В сущности, вся современность, наполненная тревогой, ожиданием, внутренней и внешней борьбой, перенесена в Гринландию.
Гринландия не препятствовала сближению Грина с эпохой, а, наоборот, помогала ему лучше разглядеть ее достоинства и недостатки, «опережать естественный ход событий», быть «следопытом и разведчиком будущего», - не была башней из слоновой кости. Гром времени звучал в ней так же сильно, как в любой другой стране, обозначенной на карте. В Гринландии все происходило параллельно реально существующей действительности.
В 1920 году, в промерзлом и голодном Петрограде, жители которого с надеждой заглядывали в сводки с фронтов гражданской войны, Грин написал книгу, которой суждено было бросить якорь в миллионах сердец. «„Алые паруса", - сказал Виктор Шкловский, живший в то время рядом с Грином в Доме искусств, - везли груз надежды в завтрашний день».
В предисловии к книге «Алые паруса», вышедшей в 1944 году в «Военмориздате», в Библиотеке краснофлотца, Константин Паустовский писал: «Сейчас, в дни войны, когда наша победа и будущее зависят от нашего мужества, от преданности Родине, от нашей культурности и силы, книги Грина, помогающие нам воспитывать в себе эти качества, являются по сути своей подлинными оборонными и боевыми книгами».
PAGE 7
В середине двадцатых годов в печати проходила острая дискуссия о нравственном облике современного молодого человека. Разлагающее влияние нэпа чувствовалось очень сильно. Одним из первых тревогу забил Грин. Нравственный облик человека - это одна из основных тем Грина в двадцатые годы.
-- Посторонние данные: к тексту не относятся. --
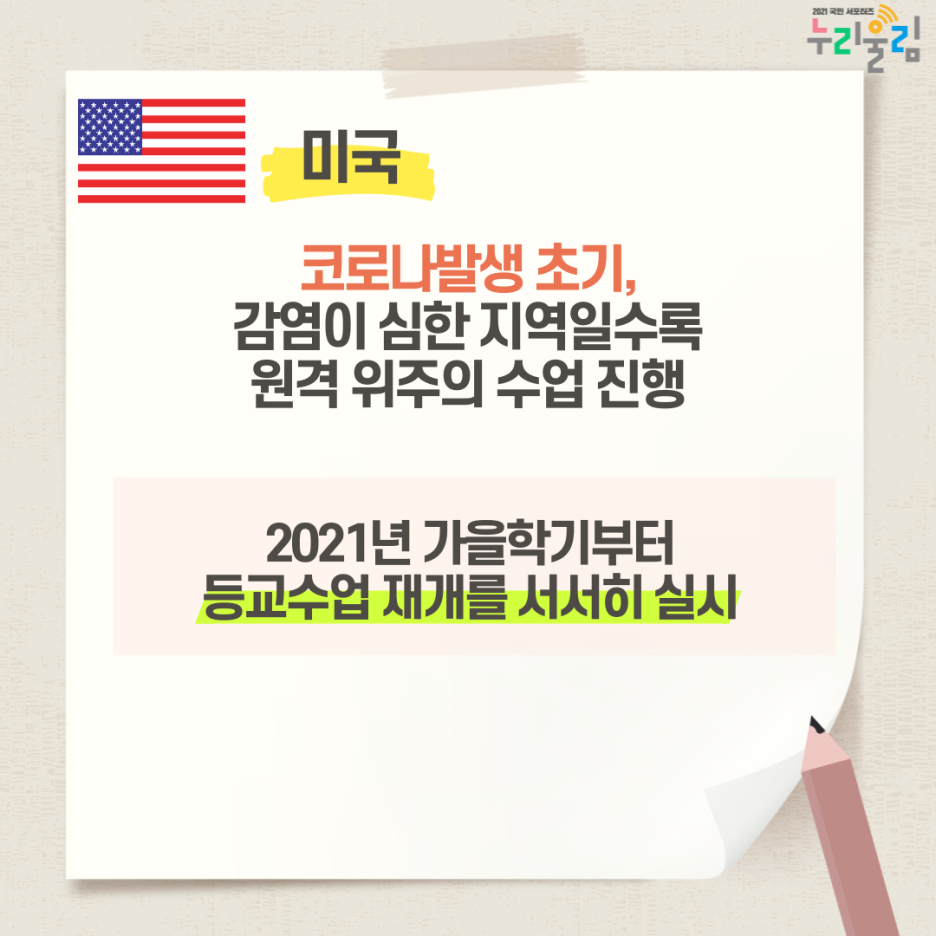 미국은 코로나19 사태가 심각해지면서 확진자가 발생한 학교 혹은 지역 감염 수준이 높은 지역 학교에 임시 폐쇄 조치를 권고하였습니다. 이후로는 각 지역 교육 당국은 감염 상황을 고려하여 등교수업과 원격수업을 병행해 왔는데요. 그러나 백신 공급이 확대되면서 2021년 가을학기에는 다시 서서히 등교수업을 재개하고 있습니다.

В спешке, в круговерти идейных схваток, может быть, не все современники заметили высокий нравственный накал гриновских книг, ведь принято было смотреть на Грина как на писателя, стоявшего в стороне от вопросов времени. «Какая чепуховая легенда! - страстно восклицает Л. Рахманов в заметке «Земной или неземной». - Грин - над схваткой. Да он один из самых озабоченных человеческими бедами писателей… Вот уж кого не назовешь добреньким утешителем. Его книги по большей части грустны и тревожны. Кристально, пронзительно чистые, они не лелеют, не успокаивают - они волнуют нас своей недостижимо высокой нравственной красотой».
Грин предлагал современникам ответы на вопросы, поставленные временем, и ответы его оказались шире только его времени. Все его творчество, обращенное к Человеку и его духовной сущности, живет и сейчас, не тускнея от времени.
«Кто хочет понять поэта, - говорил Гете, - тот должен отправиться в страну поэта».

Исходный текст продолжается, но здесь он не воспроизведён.